Each entry is to be given again precisely, and no picture may be carried over.

[Opening Listed entries section]

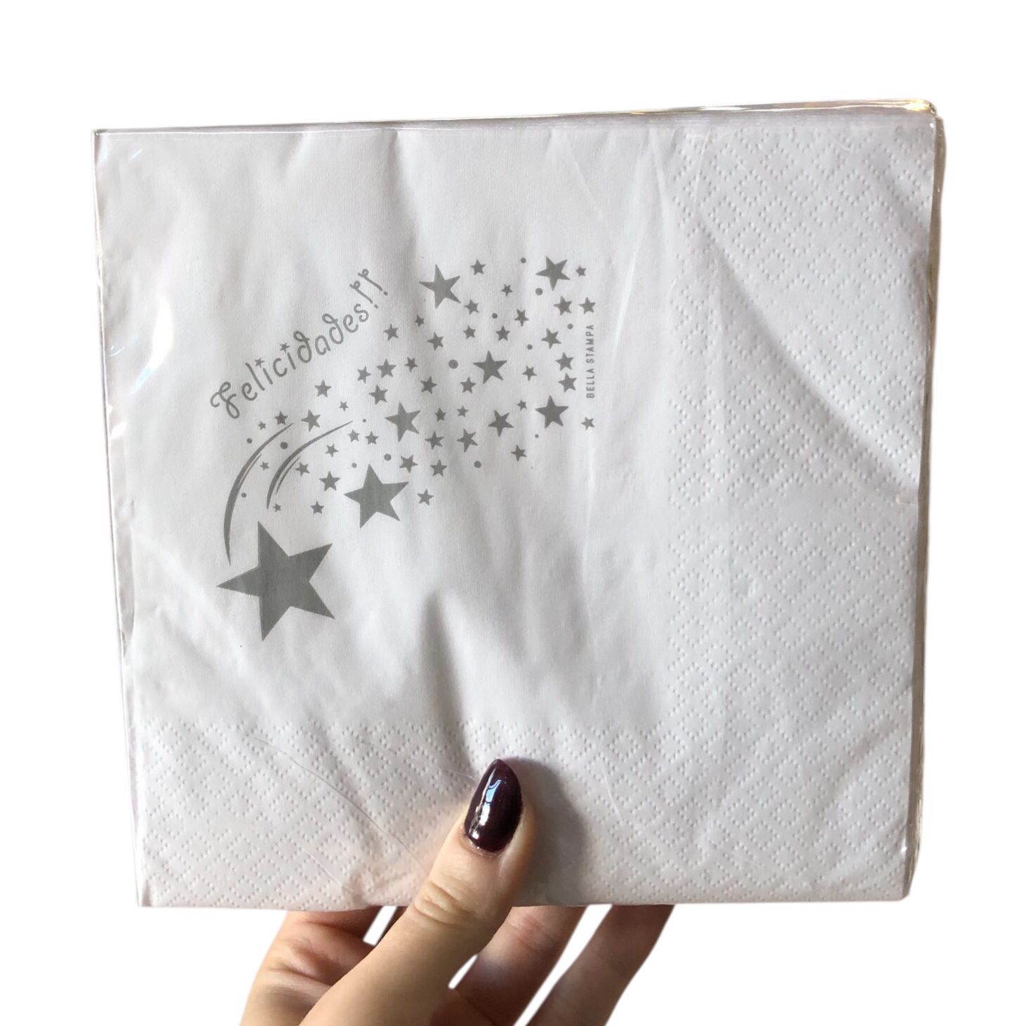 Servilleta de papel Felicidades estrella PLATEADO x12 unidades
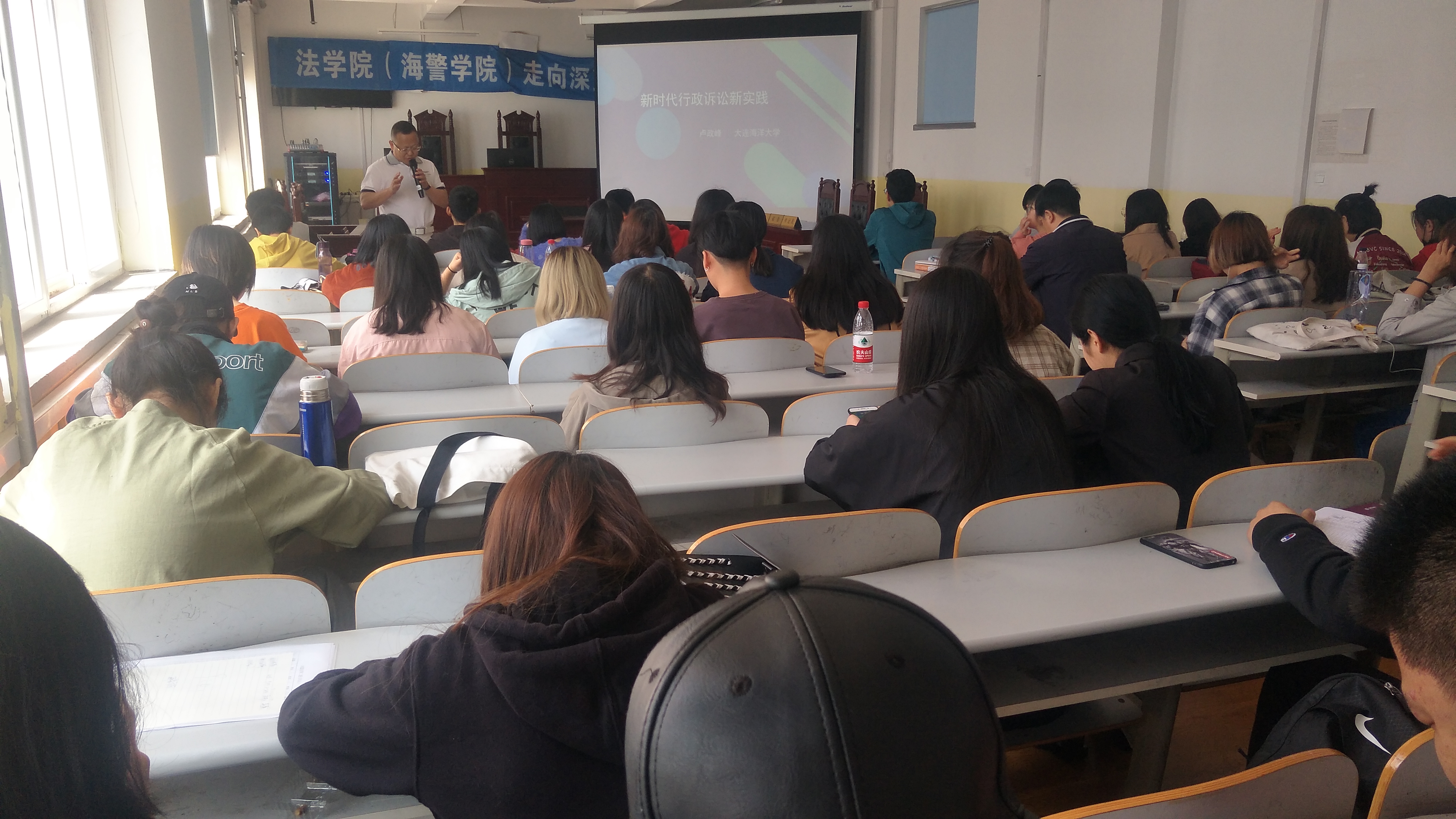 2018年4月25日,法学院(海警学院)在渤海校区模拟法庭举办了第58期“走向深蓝”学术系列讲座。本次讲座由我校法学院教师卢政峰(原沈阳市中级法院行政庭副庭长)主讲,讲座主题是“新时代行政诉讼新实践”。法学专业本科生和部分教师参加了本次讲座。
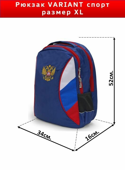 Рюкзак большой (размер XL), его размеры – 52 см длина, 34 см ширина, 16 см. глубина.
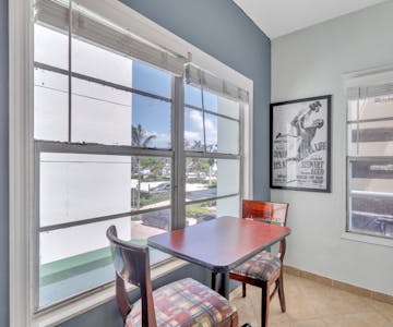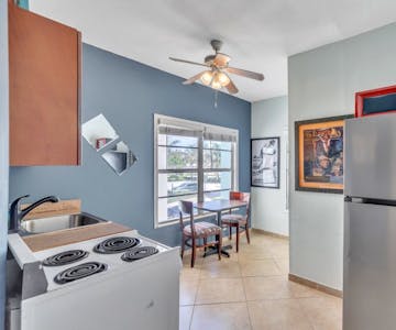 Room #7 aka: The Tidal View is an updated 1 bedroom apartment located on 2nd floor / NE Corner of The Coral House. It has a Full Kitchen with a kitchen/living area. Pots, Pans, dishes and everything needed to prepare your meals. The bedroom consists of a queen size bed, dresser, open closet, 32’ smart TV, Wi-Fi and a large bathroom. This room can accommodate 2 to 3 guests, comfortably if the 3rd guest is comfortable on a rollaway bed. Everything needed for a comfortable and convenient vacation or stay on Hollywood Beach is here!
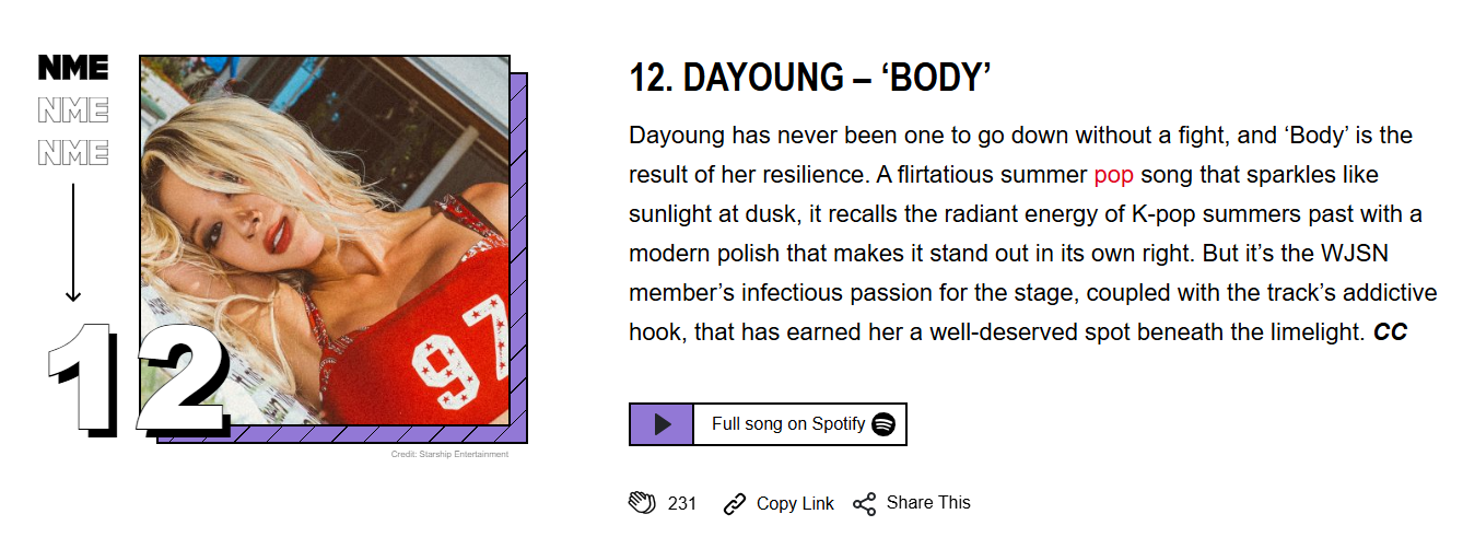 NME(영국 음악 전문 매거진) 선정 2025 베스트 케이팝 12위
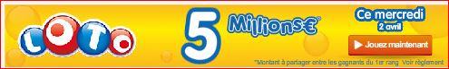 Prochain tirage du loto mercredi 2 Avril Jackpot de 5 millions €
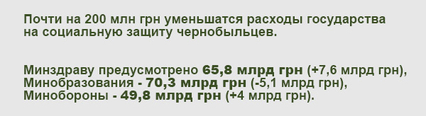 Например, из бюджета исчезла строка медицинско-санитарного обеспечения и лечения онкобольных чернобыльцев. Не предусмотрена компенсация бизнесу за призванных в армию сотрудников.
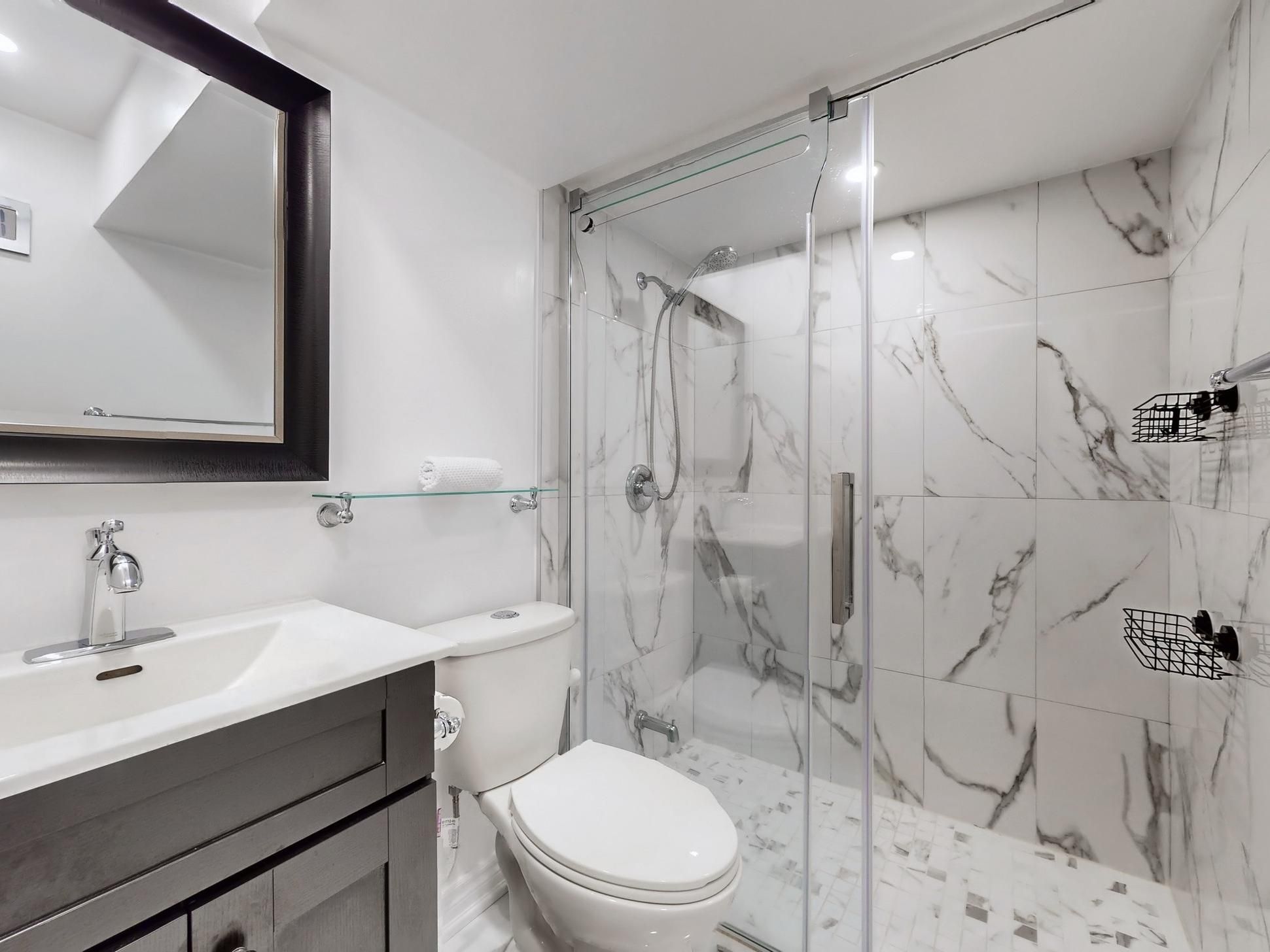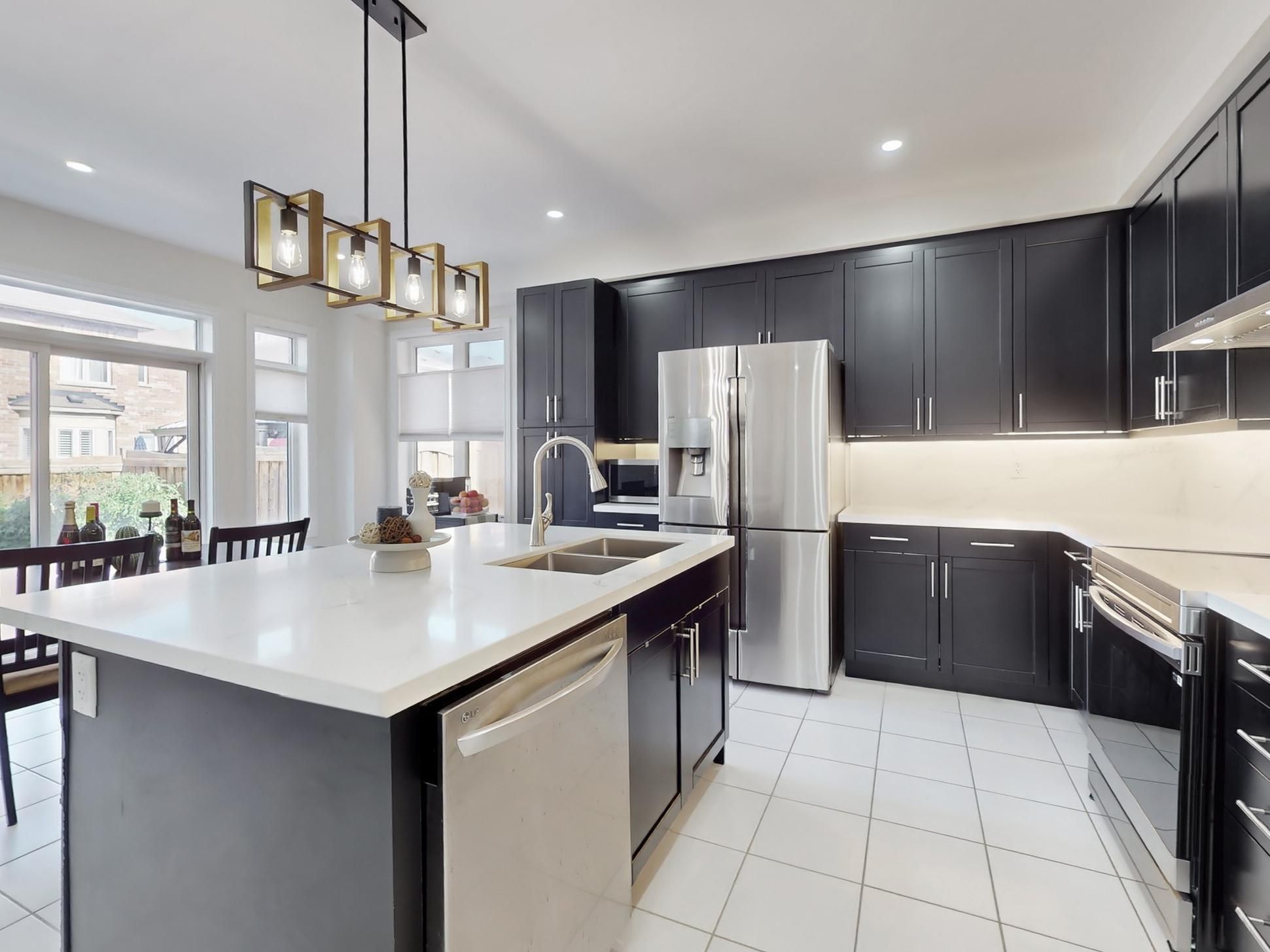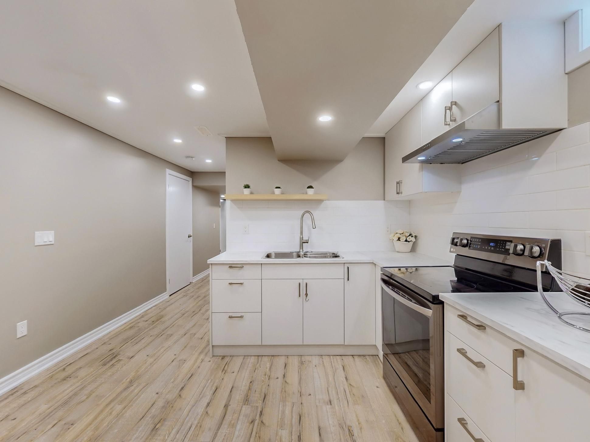 • Finished basement includes extra bedrooms and a modern kitchen.
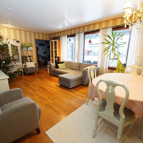 Lapinjärvellä sijaitseva omakotitalo, joka soveltuu hyvin esimerkiksi lapsiperheelle. Taloa on vuosien mittaan saneerattu ja makuu-, kylpy- sekä takkahuone ja sauna ovat kokeneet uudistukset 2000-luvun puolella. Päärakennuksen ja siinä olevan lämpimän autotallin lisäksi pihapiirillä sijaitsee autotalleilla ja kahdella varastohuoneella varustettu talousrakennus sekä saunarakennus, jossa on myös kesähuone. Suojaisa pihapiiri rajoittuu suurimmilta osin peltoon ja tuo tämän myötä omaa rauhaa pihatouhuille ja oleskelulle.

[Closing Listed entries section]

Response:
 Servilleta de papel Felicidades estrella PLATEADO x12 unidades
 2018年4月25日,法学院(海警学院)在渤海校区模拟法庭举办了第58期“走向深蓝”学术系列讲座。本次讲座由我校法学院教师卢政峰(原沈阳市中级法院行政庭副庭长)主讲,讲座主题是“新时代行政诉讼新实践”。法学专业本科生和部分教师参加了本次讲座。
 Рюкзак большой (размер XL), его размеры – 52 см длина, 34 см ширина, 16 см. глубина.
 Room #7 aka: The Tidal View is an updated 1 bedroom apartment located on 2nd floor / NE Corner of The Coral House. It has a Full Kitchen with a kitchen/living area. Pots, Pans, dishes and everything needed to prepare your meals. The bedroom consists of a queen size bed, dresser, open closet, 32’ smart TV, Wi-Fi and a large bathroom. This room can accommodate 2 to 3 guests, comfortably if the 3rd guest is comfortable on a rollaway bed. Everything needed for a comfortable and convenient vacation or stay on Hollywood Beach is here!
 NME(영국 음악 전문 매거진) 선정 2025 베스트 케이팝 12위
 Prochain tirage du loto mercredi 2 Avril Jackpot de 5 millions €
 Например, из бюджета исчезла строка медицинско-санитарного обеспечения и лечения онкобольных чернобыльцев. Не предусмотрена компенсация бизнесу за призванных в армию сотрудников.
 • Finished basement includes extra bedrooms and a modern kitchen.
 Lapinjärvellä sijaitseva omakotitalo, joka soveltuu hyvin esimerkiksi lapsiperheelle. Taloa on vuosien mittaan saneerattu ja makuu-, kylpy- sekä takkahuone ja sauna ovat kokeneet uudistukset 2000-luvun puolella. Päärakennuksen ja siinä olevan lämpimän autotallin lisäksi pihapiirillä sijaitsee autotalleilla ja kahdella varastohuoneella varustettu talousrakennus sekä saunarakennus, jossa on myös kesähuone. Suojaisa pihapiiri rajoittuu suurimmilta osin peltoon ja tuo tämän myötä omaa rauhaa pihatouhuille ja oleskelulle.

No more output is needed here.